Ross Parker was chief of the criminal division in the U.S. Attorney’s Office in Detroit for 8 years and worked as an AUSA for 28 in that office.
By Ross Parker
The Supremes spent a very busy June and completed opinions on six difficult criminal cases, as well as three important civil cases and several others totaling 24 opinions as of June 27th.
That constitutes more than a quarter of the opinions for the entire year. The Court did, of course, have other business, several hundred certiorari petitions to review for next term’s docket, in-chambers opinions (applications to stay proceedings etc.), orders, and a few per curiam opinions deemed not to be worthy of full, authored opinion. The Justices have, for the most part, cleared the deck so that they can visit the grandchildren.
The Court rounded off the term on criminal cases by vacating the conviction of former Virginia Governor Bob McDonnell in a convincing unanimous opinion that not only restored his career hopes but also those of hundreds of legislators who feared the government’s interpretation of Hobbs Act bribery would make politics as usual a dicey business.
Ex-Gov. Bob McDonnell
The Court narrowed the definition of “official acts” and “pending question or matter” such that the standard assistance of constituents provided by politicians could not result in a career-ending indictment.
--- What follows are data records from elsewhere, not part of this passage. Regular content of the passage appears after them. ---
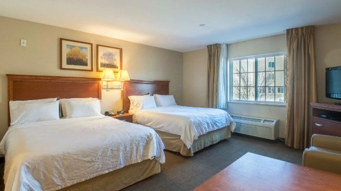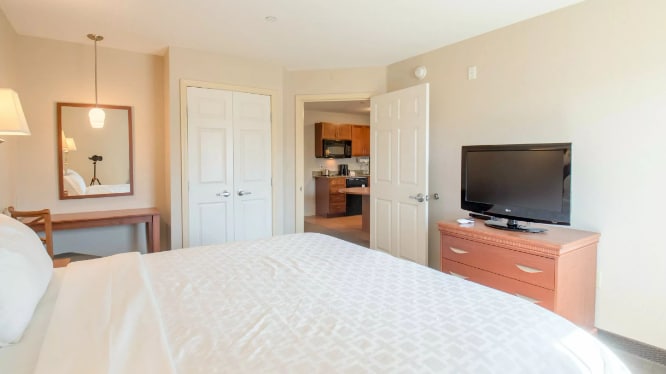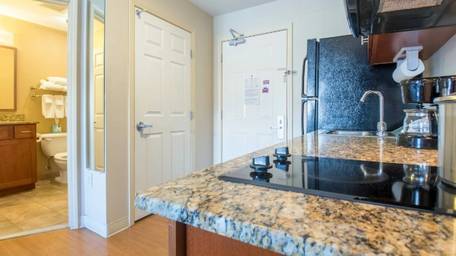 The Queen Studio – ADA hearing accessible rooms include hearing access, as well as all of the convenient amenities that our valued guests need to ensure you have a comfortable stay. There is a plush queen bed, as well as extra seating, HD TV, and a work desk. The room also features a fully equipped kitchen with everything you need, including a fridge oven, microwave, all utensils, a dishwasher and a stove top. The clean and modern private bathroom comes with a tub.
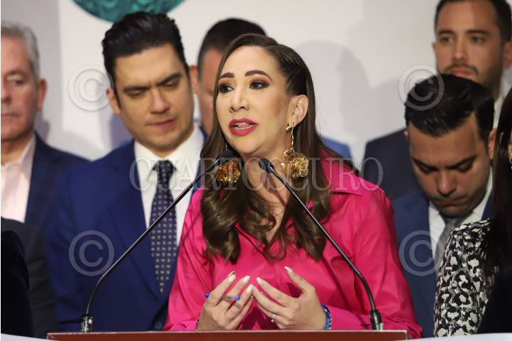 CIUDAD DE MÉXICO, 05DICIEMBRE2024.- Noemí Luna, coordinadora del grupo parlamentario del PAN, durante la conferencia. FOTO: DANIEL AUGUSTO/ CUARTOSCURO.COM
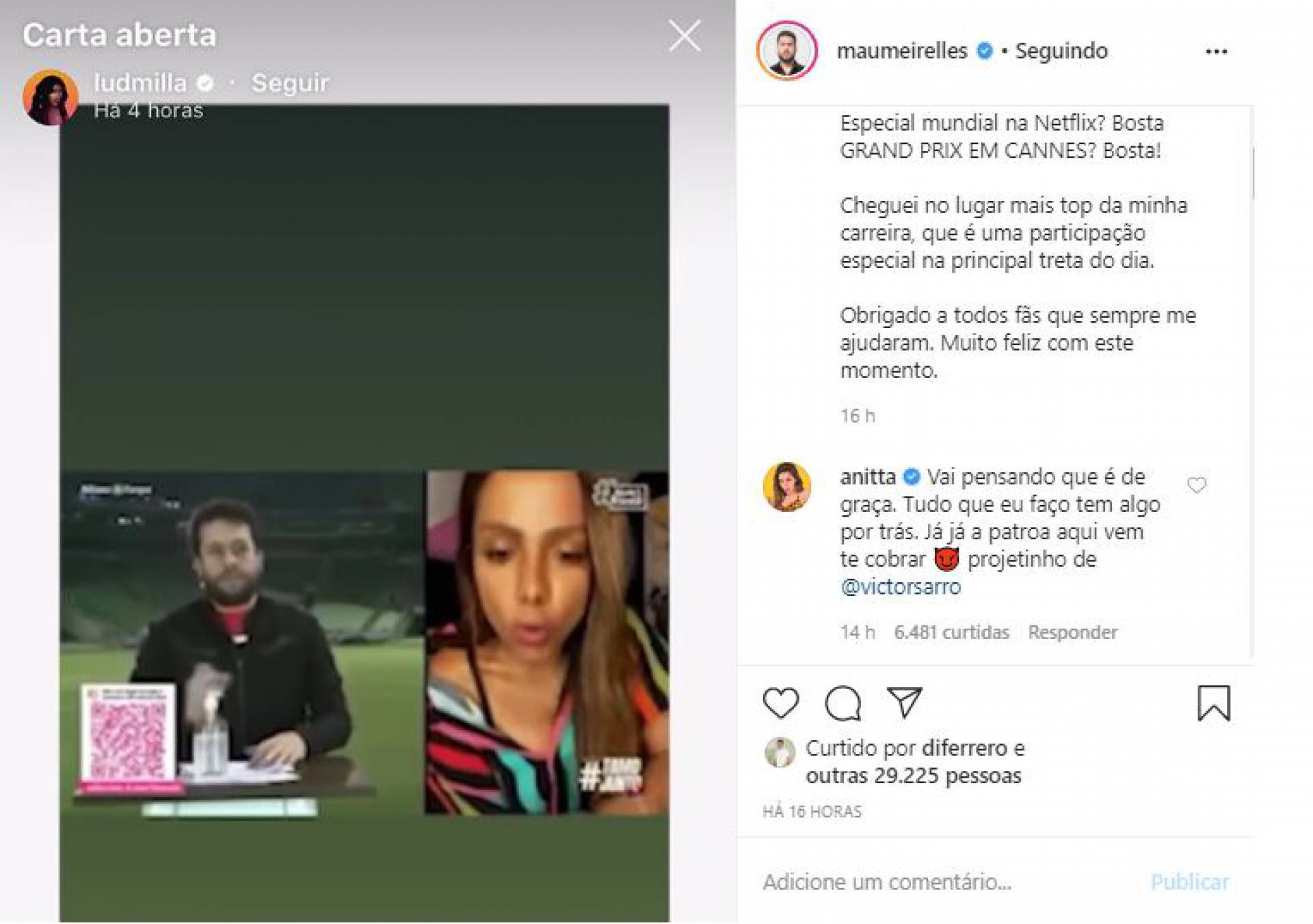 Após publicações sobre o motivo da desavença com ex-colega, supostos fãs de Anitta passaram a atacar Lud com comentários racistas em todas as redes sociais da cantora.
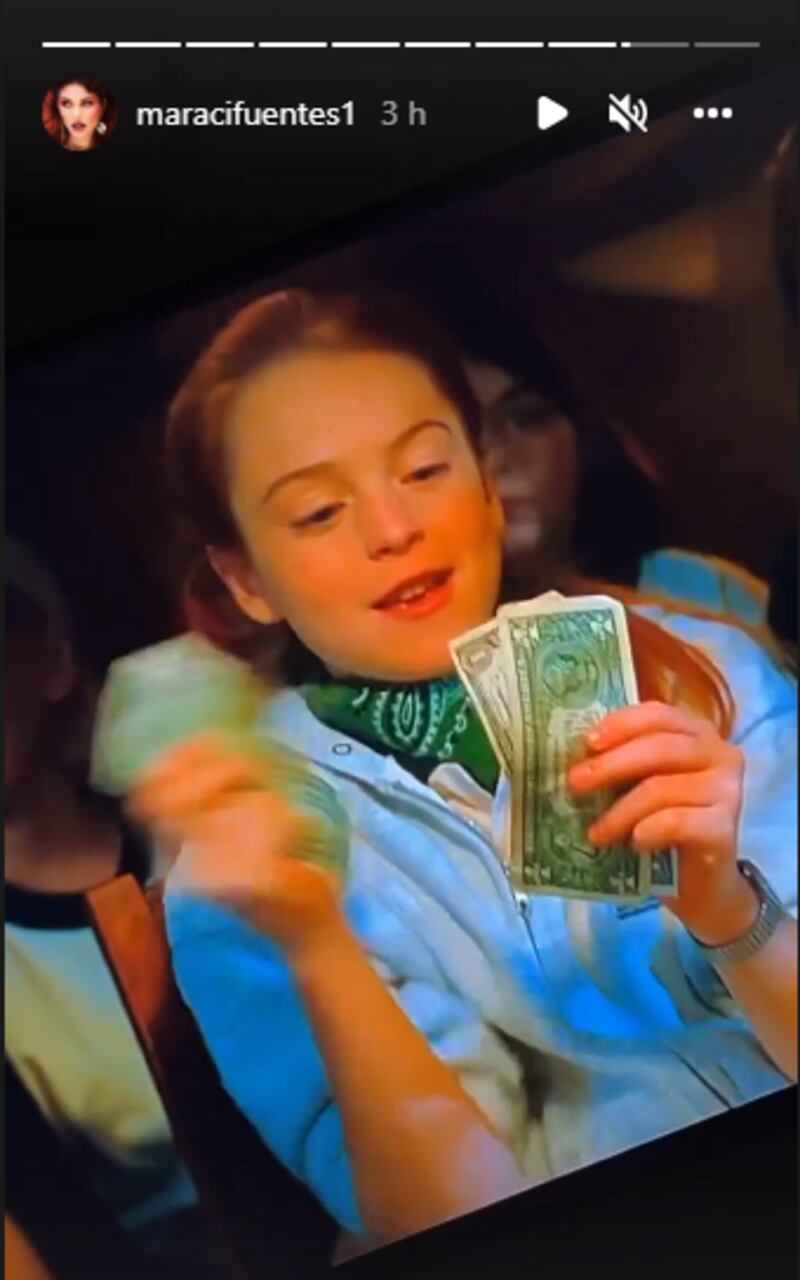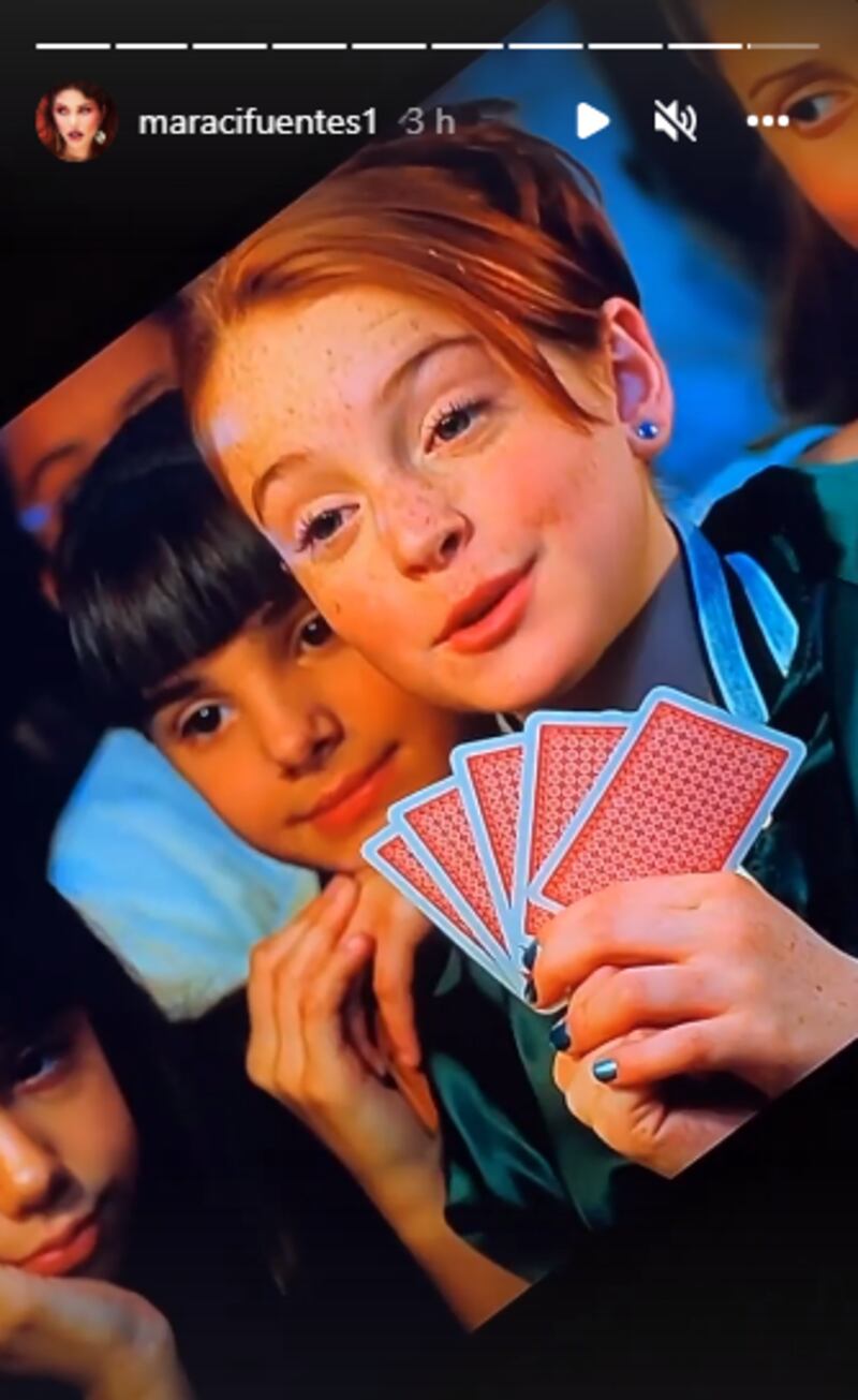 Y es que en una de sus historias de Instagram Mara Cifuentes publica que está viendo en su televisor la película protagonizada por Lindsay Lohan, “Juego de Gemelas”, uno de los primeros filmes que la actriz estadounidense realizó.

The Court did not go so far as to completely end McDonnell’s worries. It remanded the case to the Court of Appeals to review his claim that the evidence was insufficient, thus requiring dismissal of the charges. Even if he overcomes that hurdle or the Justice Department decides not to re-try the case, the question is whether future voters will forgive the First Couple’s receipt of $175,000 in shopping sprees and luxury vacations from someone who got essentially zero for his generosity.
As expected, the Court also vacated the judgment in Williams v. Pennsylvania, a capital case in which the Chief Justice of the Pennsylvania Supreme Court refused to recuse himself from ruling on a habeas petitioner’s appeal. What makes this action remarkable is that the Chief Justice, in his position as district attorney, had been involved in the criminal case by authorizing the decision to seek the death penalty and in supervising the case generally as head of the office. The vote, however, was closer than expected, 5-3, in reviewing this egregious behavior by former Chief Justice Castille. The dissent’s distinction was that the appeal involved a habeas decision, not the criminal phase of the case and occurred after Castille had left the prosecutor’s off ice. The state’s argument did not, however, pass the smell test, whatever artificial distinctions could be drawn.
In contrast, the Court ruled unanimously, 8-0, to reverse the 9th Circuit’s dismissal of the conviction in United States v. Bryant. The case held that tribal court domestic assault convictions could be valid predicates in a federal habitual offender prosecution, even though the prior convictions were without counsel. This was not a 6th Amendment violation since the right to counsel does not apply in this misdemeanor context in tribal courts. A victory for serially battered Native American women.